The KS10 is a lower-cost PDP-10 built using AMD 2901 bit-slice chips, with an Intel 8080A microprocessor as a control processor. The KS10 design was crippled to be a Model A, even though most of the necessary data paths needed to support the Model B architecture are present. This was no doubt intended to segment the market, but it greatly shortened the KS10's product life.

The KS system uses a similar boot procedure to the KL10. The 8080 control processor loads the microcode from an RM03, RM80, or RP06 disk or magnetic tape and then starts the main processor. The 8080 switches modes after the operating system boots and controls the console and remote diagnostic serial ports.

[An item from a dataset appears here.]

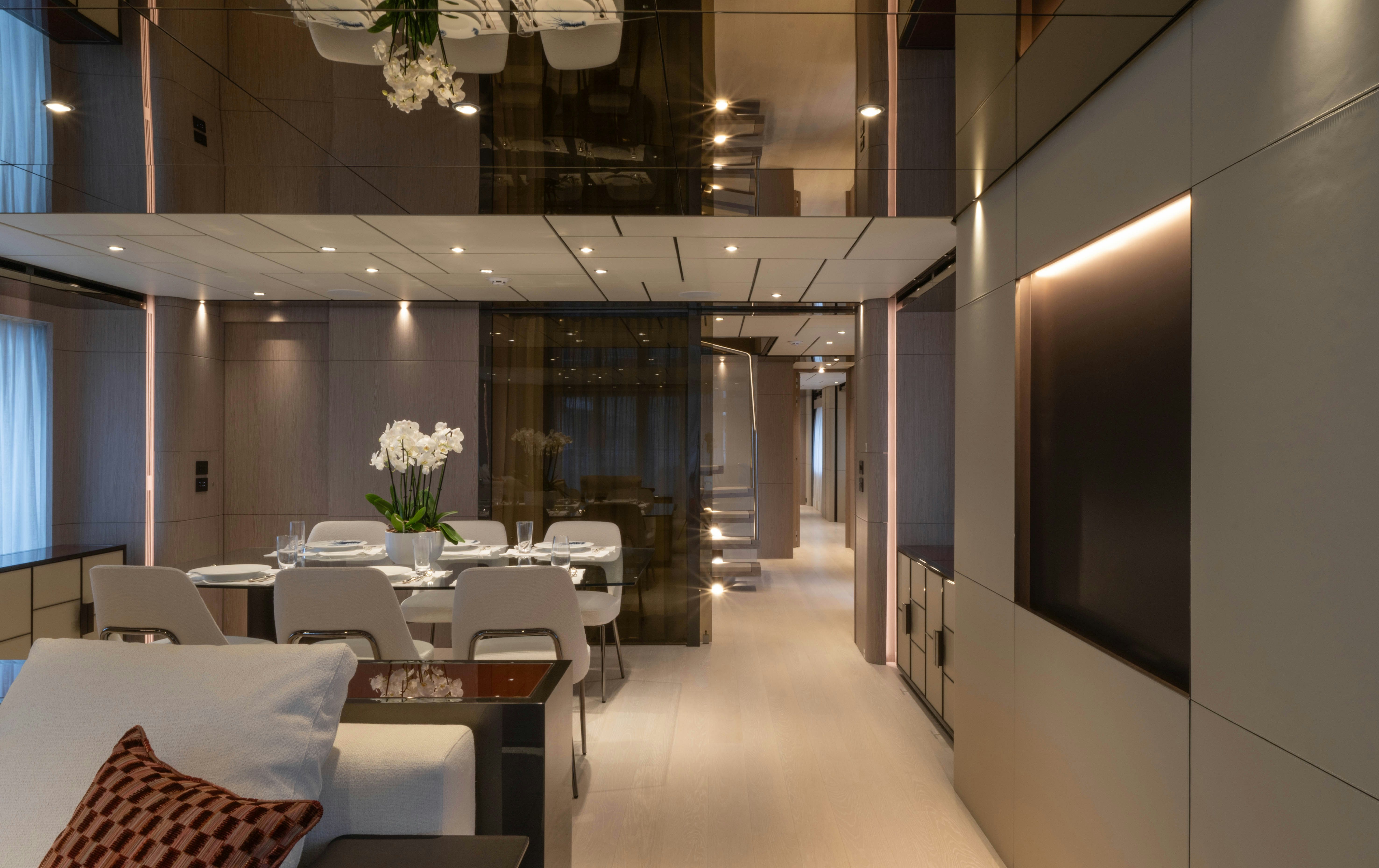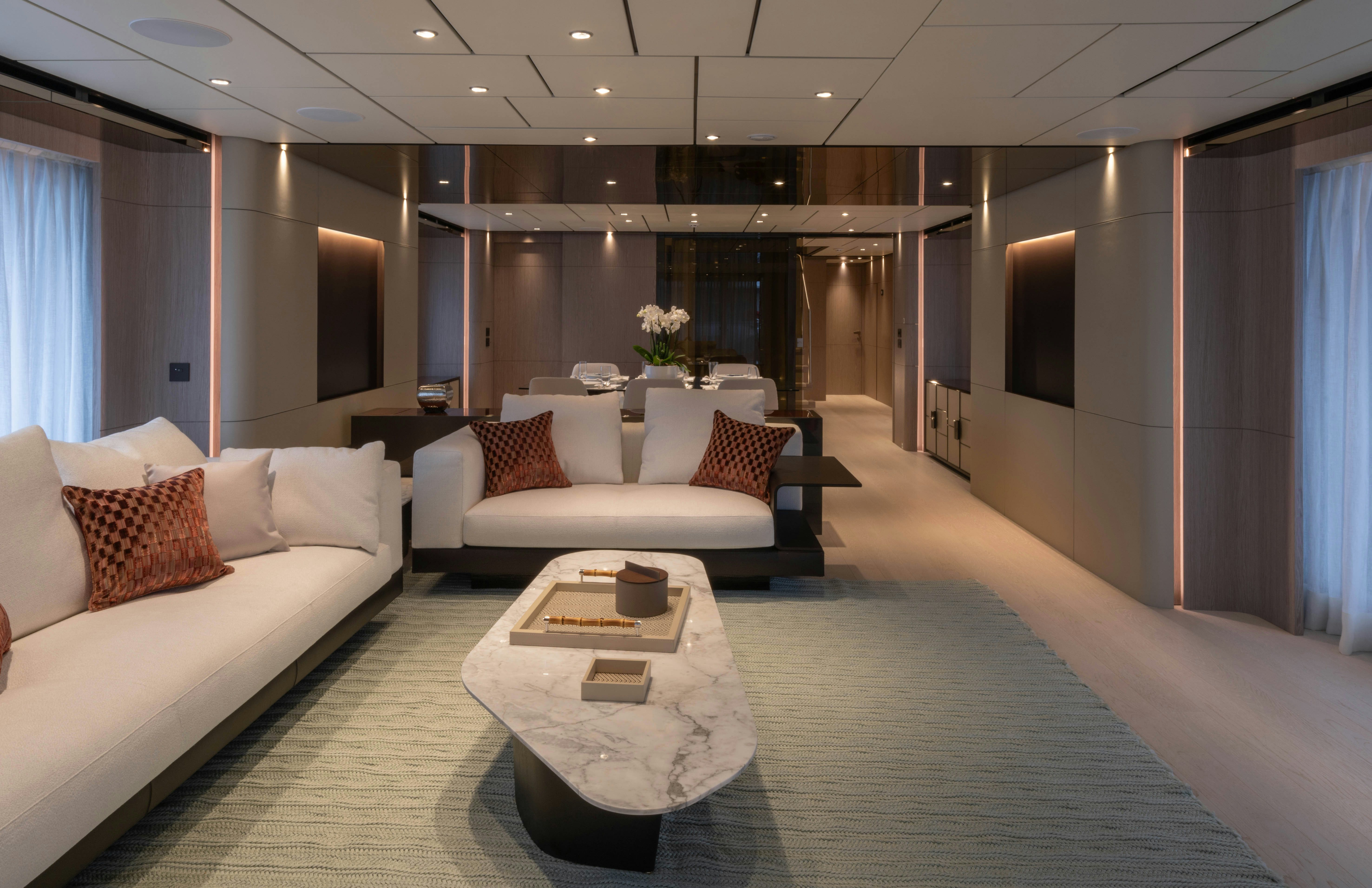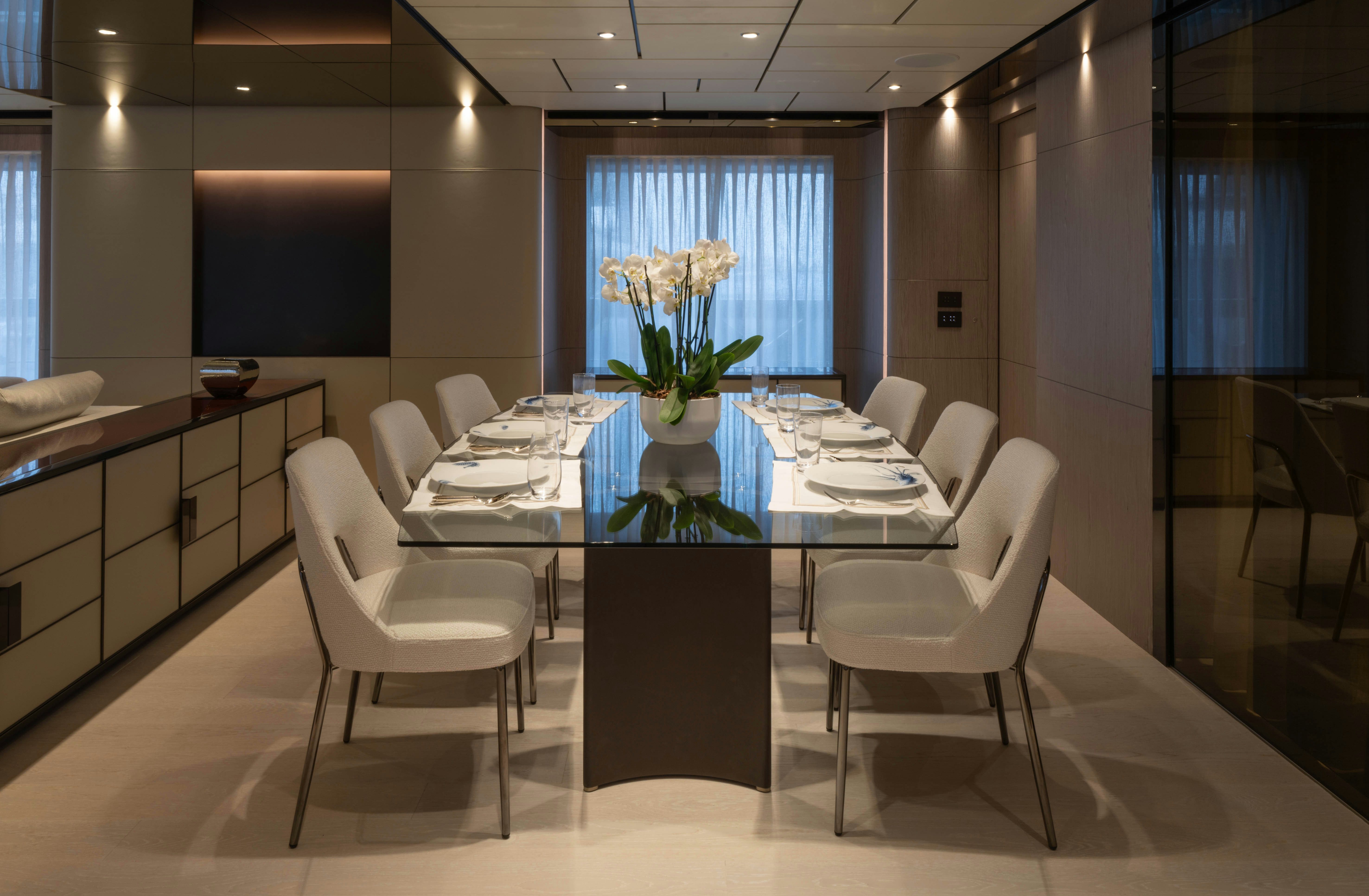 Guests are welcomed aboard via the main deck aft lounge. Through automatic sliding glass doors, the main salon reveals a soft, contemporary design with a mix of sofas, lounge chairs, and a central coffee table, all surrounded by floor-to-ceiling windows. A formal dining area for 10 sits just forward, offering a warm, convivial setting for evening meals or celebratory occasions.
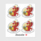 Conjunto de cuatro pegatinas de vinilo cortados con el ilustracion de un lindo dragón rojo vigilando un tesoro; motivos de fantasía de personalizado animal para los niños; con plantilla de texto personalizado para el nombre de su hijo o mensaje personalizado

===Magnetic tape drives===
Two models of tape drives were supported by the TM10 Magnetic Tape Control subsystem:
- TU20 Magnetic Tape Transport – 45 ips (inches per second)
- TU30 Magnetic Tape Transport – 75 ips (inches per second)
- TU45 Magnetic Tape Transport – 75 ips (inches per second)
A mix of up to eight of these could be supported, using 7-track or 9-track devices. The TU20 and TU30 each came in A (9-track) and B (7-track) versions, and all of the aforementioned tape drives could read/write from/to 200 BPI, 556 BPI and 800 BPI IBM-compatible tapes.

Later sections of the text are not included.